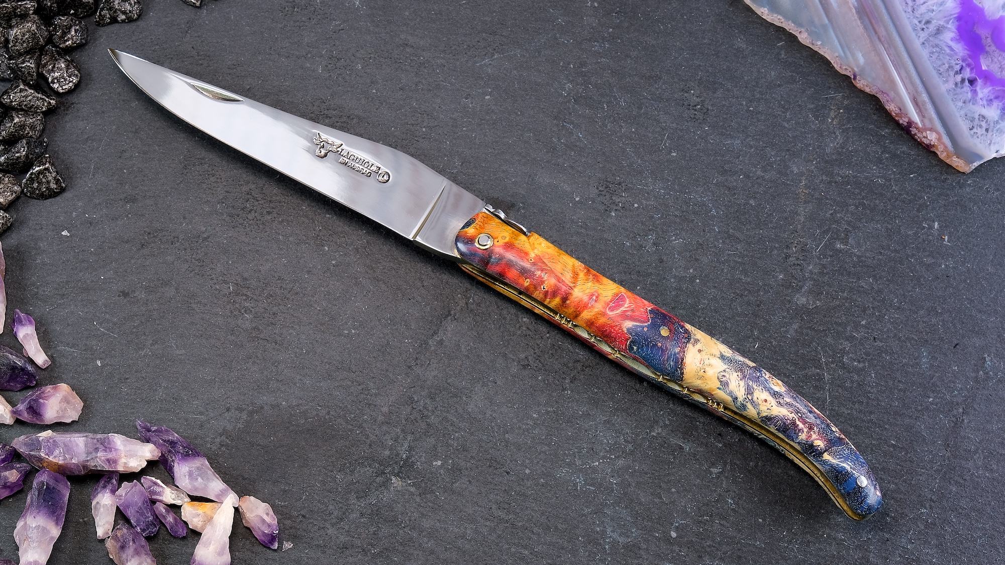 Laguiole en Aubrac ist die zweitgrößte Laguiole-Schmiede in Frankreich und fertigt Laguiole-Taschenmesser, -Steakmesser, -Gabeln und -Küchenmesser in höchster Qualität. Die Messer von Laguiole en Aubrac verbinden in einer perfekten Symbiose die lange Tradition der Messermacher mit einem ausgeprägten Hang zur Perfektion, wobei der Preis trotzdem in solidem Rahmen bleibt.
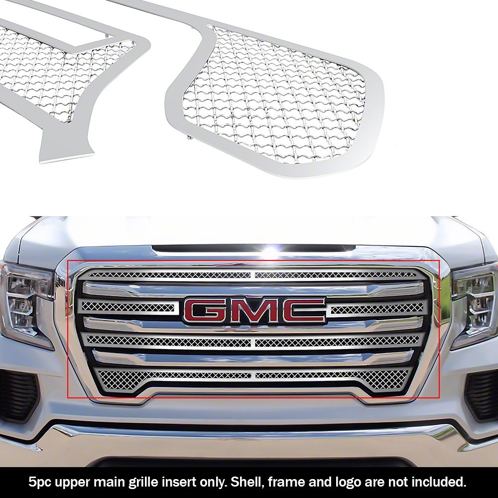 Application. These 2.50mm Wire Mesh Upper Overlay Grilles fit 2019 to 2021 GMC Sierra 1500 Elevation and SLE models.
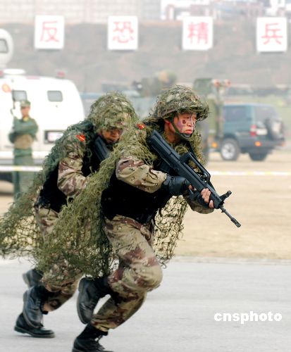 11月26日,代号为“钟山--2004”的江苏省大规模反恐怖综合演练,在武警南京指挥学校训练基地举行。此次演练由当地公安、武警、消防、解放军等多兵种、多部门参加,进行了人质反劫持、化学恐怖袭击处置、机器人排爆等10余个课目的协同联合作战演练,全面展示了江苏军警处置暴力恐怖等突发性事件的能力和水平。作者:郎从柳
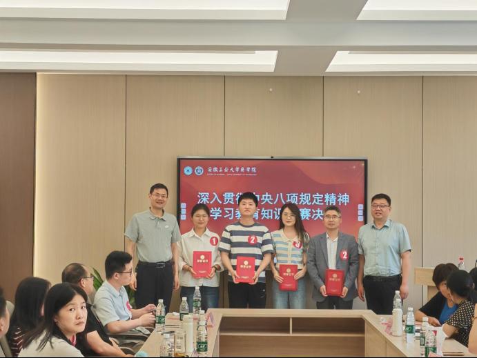 竞赛分为必答题、抢答题、风险题三个环节,内容涵盖中央八项规定精神的具体要求、典型案例分析及作风建设实践路径等。赛场上,各参赛队伍精神饱满、反应迅速,必答题环节展现扎实的知识储备,抢答题环节上演“手速与脑力”的双重较量,风险题环节则考验团队共同协作与担当。经过激烈角逐,工商系党支部代表队凭借扎实的理论功底和默契的团队协作荣获一等奖,办公室党支部、会计系党支部代表队获得二等奖,营销系党支部、经济系党支部、金统系党支部、国贸系党支部代表队获得三等奖。

■ WHAT TO WORK ON
Quote the data above in full and without alteration; skip the pictures.

■ EXPECTED ANSWER
 Laguiole en Aubrac ist die zweitgrößte Laguiole-Schmiede in Frankreich und fertigt Laguiole-Taschenmesser, -Steakmesser, -Gabeln und -Küchenmesser in höchster Qualität. Die Messer von Laguiole en Aubrac verbinden in einer perfekten Symbiose die lange Tradition der Messermacher mit einem ausgeprägten Hang zur Perfektion, wobei der Preis trotzdem in solidem Rahmen bleibt.
 Application. These 2.50mm Wire Mesh Upper Overlay Grilles fit 2019 to 2021 GMC Sierra 1500 Elevation and SLE models.
 11月26日,代号为“钟山--2004”的江苏省大规模反恐怖综合演练,在武警南京指挥学校训练基地举行。此次演练由当地公安、武警、消防、解放军等多兵种、多部门参加,进行了人质反劫持、化学恐怖袭击处置、机器人排爆等10余个课目的协同联合作战演练,全面展示了江苏军警处置暴力恐怖等突发性事件的能力和水平。作者:郎从柳
 竞赛分为必答题、抢答题、风险题三个环节,内容涵盖中央八项规定精神的具体要求、典型案例分析及作风建设实践路径等。赛场上,各参赛队伍精神饱满、反应迅速,必答题环节展现扎实的知识储备,抢答题环节上演“手速与脑力”的双重较量,风险题环节则考验团队共同协作与担当。经过激烈角逐,工商系党支部代表队凭借扎实的理论功底和默契的团队协作荣获一等奖,办公室党支部、会计系党支部代表队获得二等奖,营销系党支部、经济系党支部、金统系党支部、国贸系党支部代表队获得三等奖。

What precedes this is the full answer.